Perhaps it’s just a function of deadlines, and the fact that long-form sports writing doesn’t appear to have a profitable outlet unlike in the US. So as a result our writers dissect what happened over and over again, but rarely explore why it occurred.
As the Bulldogs took their first AFL flag in 62 years we’ve been offered huge amounts of writing on how Liam Picken turned the game, on Tom Boyd earning his paycheck and on ‘Bevo’ handing his medal to the injured heart and soul of the current list.
Compare this, and the reams of similar writing throughout the AFL season to this article by Bill Simmons. I’ll wait here for a while…
Okay? Do you read it beyond the headline? All the way to the end? I’m patient… go on, go back and read it!
The thing that sticks out here is that Bill has taken a question from a reader that could have been a please-deliver-me-a-quote-so-I-can-file-this-and-get-home-or-to-the-bar easy answer, but the exploration becomes something much more interesting. Instead of just repeating Manning’s stats and quotes from his coaches he explores the rivalry between Manning and Brady and what does he come up with? That Peyton is a result of being a middle brother and son of a famous football dad, and that Brady grew up among sisters. Hands up if you saw that coming when you read the clickbait title? Anyone? I didn’t think so.

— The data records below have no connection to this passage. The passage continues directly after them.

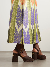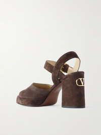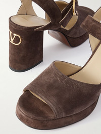 Valentino Garavani's sandals are made from suede with minimal detailing, other than the 'VLogo' hardware on the back. They have platform soles with 95mm heels and fasten with thick ankle straps. Wear yours with faded denim and a ruffled top. Size & Fit - Fits true to size, take your normal size - Italian sizing Details & Care - Heel measures approximately 95mm/ 4 inches - Chocolate suede - Buckle-fastening ankle strap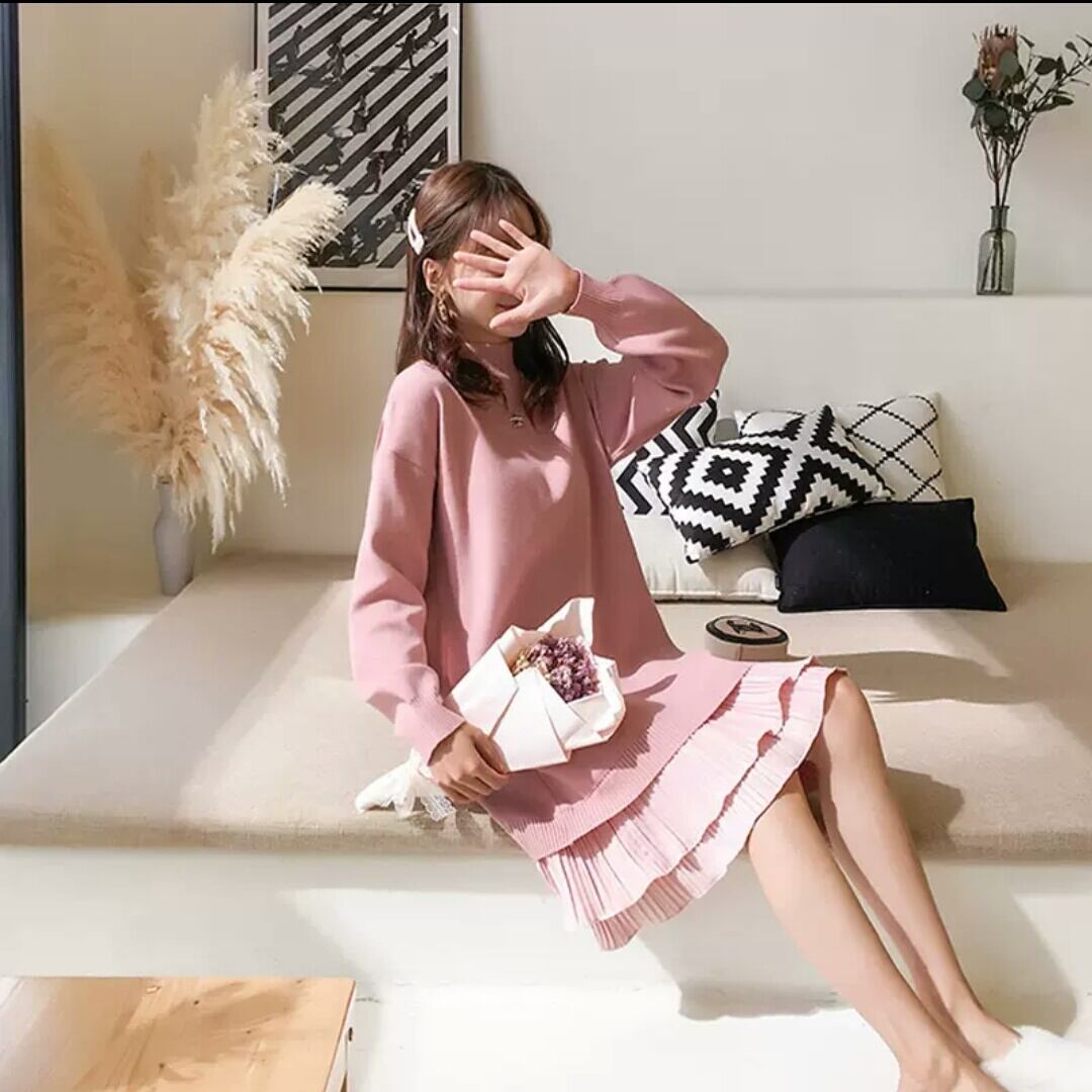 全2色 マタニティ ワンピース ひざ丈 フリーサイズ 可愛い ママ 授乳 お出かけ お買い物 秋冬 春 無地
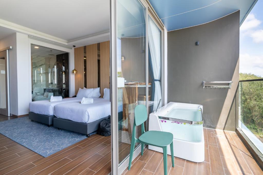 Каждый номер также оснащен балконом или террасой, где вы сможете насладиться утренним кофе или вечерним чаем, приготовленным с помощью кофемашины или чайника, предоставленных в номере. Кроме того, вы найдете в холодильнике бесплатную бутилированную воду и другие удобства, такие как черные шторы для полного затемнения и мягкие полотенца. Номера также включают отдельную гостиную, что создает дополнительное пространство для отдыха и релаксации. The Blue Hotel предлагает идеальную атмосферу для незабываемого отдыха на Пхукете.

The writing itself isn’t necessarily brilliant, unless you are a fan of writing that feels like you’re sitting at a bar and both Bill and you are onto your fourth beer and he can really open up about something a little nuts without being shouted down (“I’ve got this idea…” [swigs beer] “Yeah, mate.. that’s right, that’s RIGHT!”). But it’s the ‘How‘ in this that sticks out like a lighthouse. He’s not just talking about what happened by just repeating stats and quotes. He’s talking about the unseen forces that have shaped two men and defined the NFL’s rise from big time sport to behemoth. He’s talking about a team widely regarded as the best team of the past decade as having faults and failings that have kept them from greater success BECAUSE THE QB HAS THREE OLDER SISTERS!

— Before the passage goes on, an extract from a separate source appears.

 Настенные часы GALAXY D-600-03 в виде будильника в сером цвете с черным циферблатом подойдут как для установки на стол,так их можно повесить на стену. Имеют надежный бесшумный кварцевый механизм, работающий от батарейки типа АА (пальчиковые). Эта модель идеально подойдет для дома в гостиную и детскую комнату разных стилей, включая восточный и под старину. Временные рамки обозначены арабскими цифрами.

It’s a piece of writing that must have taken a decent amount of time to write, but much longer to formulate in his head. It’s something that must have been banging around in Bill’s brain prior to the email landing in his inbox.
And it ends with Bill giving his tip for the upcoming game. In the end it’s an amazing insight into NFL masquerading as footy tipping.
Do our media outlets allow for this sort of writing? Do they encourage it? Or has the slow decline of print shackled our writers into repeating the status quo? Sure, there are writers who go above and beyond, like Martin Flanagan, but Martin isn’t writing this sort of stuff often, reserving his best for occasional longer form and books.
There’s irony in that I don’t know enough to be able to define the ‘why’ for this. But I do believe that without a change that sports writing in this country won’t be the savior of the written media. But sites like Grantland and its newest incarnation The Ringer have shown that there’s another path that can be taken, and perhaps it leads somewhere more interesting and maybe even to something more prosperous.
And like the Dogs this past weekend, maybe the person to lead a team that has suffered for so long without reaching greatness is Bob Murphy. Look beyond the medal handed from coach to captain and read his pre-match article from The Age…
Maybe Bob will lead us all to the promised land. And when we get there we will all know why, not just how, we got there.